Kathy Fine said, “My husband had a stroke. He says he doesn’t need a support group, but I do. Sometimes the heavier burden is on the caregivers.”

The Stroke Support Group met for the first time in May. Kim Shuler, in charge of early heart attack education and the Stroke Program at Fauquier Hospital, moderates the group. Dr. Dennis Di Mauro, pastor at Trinity Lutheran Church in Warrenton, attends some meetings to lend spiritual support:“It’s important to remember that we live in a world where sin and disease happen. Sometimes we are unwitting recipients of bad things. That’s just a reality. Rain falls on the good and bad alike. You might feel angry with God for inflicting this on you, but you can look at God instead as someone who loves you, comforts you, maybe even heals you.”

All agreed that the stroke has affected their relationships. “It’s tough being dependent,” said Wilkins. “I can’t drive anymore, so I have to rely on other people. My friendships have changed. I always used to be the one to call to gather people together. Now, there is no one to do that.”

Funesti agreed, “Some people just fall away.” Janette Lee said, “They don’t just fall away; they actively disappear.

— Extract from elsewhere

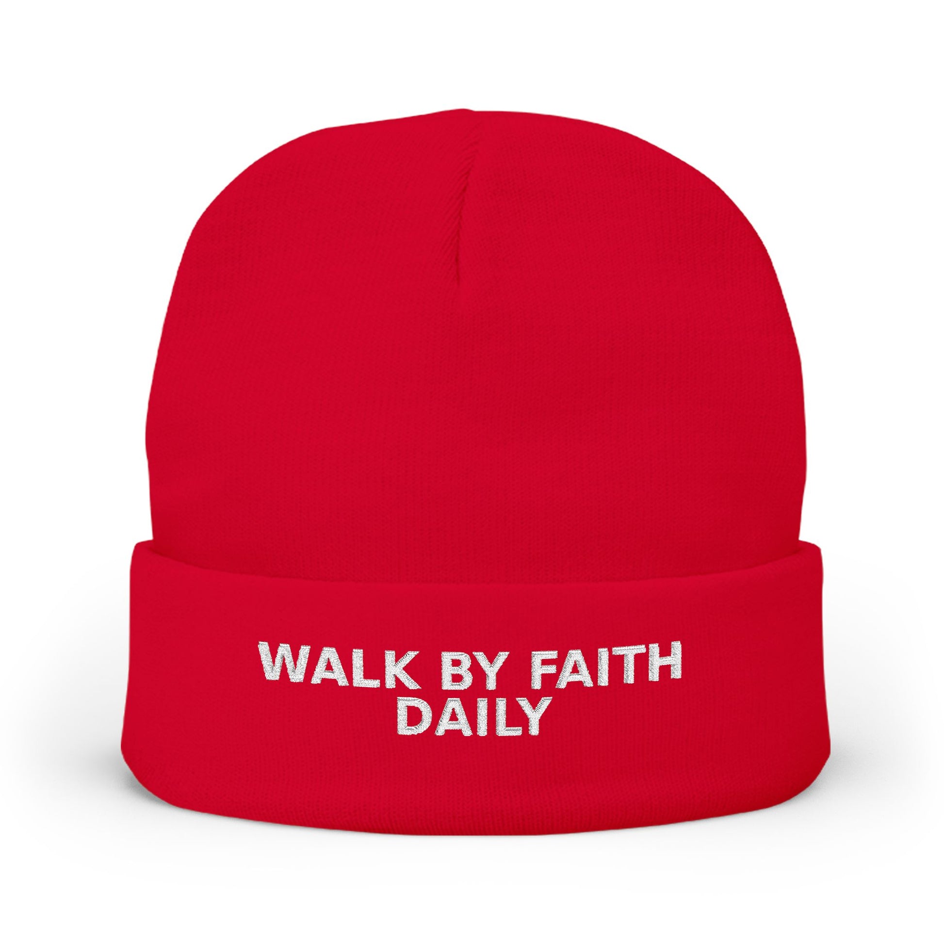 Walk By Faith Daily Embroidered Knit Beanie — Cozy Winter Hat with Positive Text

You find your true friends when something goes wrong.” Betrain Hill-Smith said she and her husband have a friend like that: “He just disappeared when Bryant had his stroke.” Recently, she spoke to the friend and explained how the loss made them feel. “He spent time with us yesterday, he sat on our couch and we talked.”

Recognizing that caregivers and survivors have different challenges, the support group broke up into two smaller groups. Pastor Dennis DeMauro moderated the survivors group while the caregivers shared stories. Fine said, “Everyone has different deficits, depending on what part of the brain has been affected.” Funesti nodded and added, “Jess couldn’t stand but he could speak, the man next to us at rehab was walking on the treadmill, but couldn’t talk.” Betrain Hill-Smith said, “And because the brain is damaged, you have to teach it new pathways. For a long time, Bryant couldn’t speak, but now he is doing so much better. It has been a very slow recovery.”

Although every day is a struggle for these couples, they also told stories of hope. Funesti said, “We were visiting his daughter. She is a massage therapist and she gave him a massage. In the middle of it, he started talking normally back to her. His personality was back, too. He was 98 percent normal. It lasted two or three days.” She told the fascinated group that although the improvement was dramatic, “Jess doesn’t want to have a massage from someone he doesn’t know, so we haven’t been able to test the treatment.”

Most stroke survivors engage in therapy – physical, occupational and speech therapy. The members of the group agree on a few strategies which help: getting time outdoors, being around friends and family, and staying as active as possible. Lee does regular weight training; when he moved recently and didn’t have access to his equipment, he noticed the difference in his progress: “My strength, flexibility, speech and mindset all deteriorated when I couldn’t work out.”

Lee attends the group because he said it helps to talk about his struggles and successes with others who are going through similar trials: “I go to a psychiatrist too, but I count this as my group therapy.” Suzanne Funesti said she too is grateful for the Stroke Support Group, where members can “share ideas and stories, and support each other.”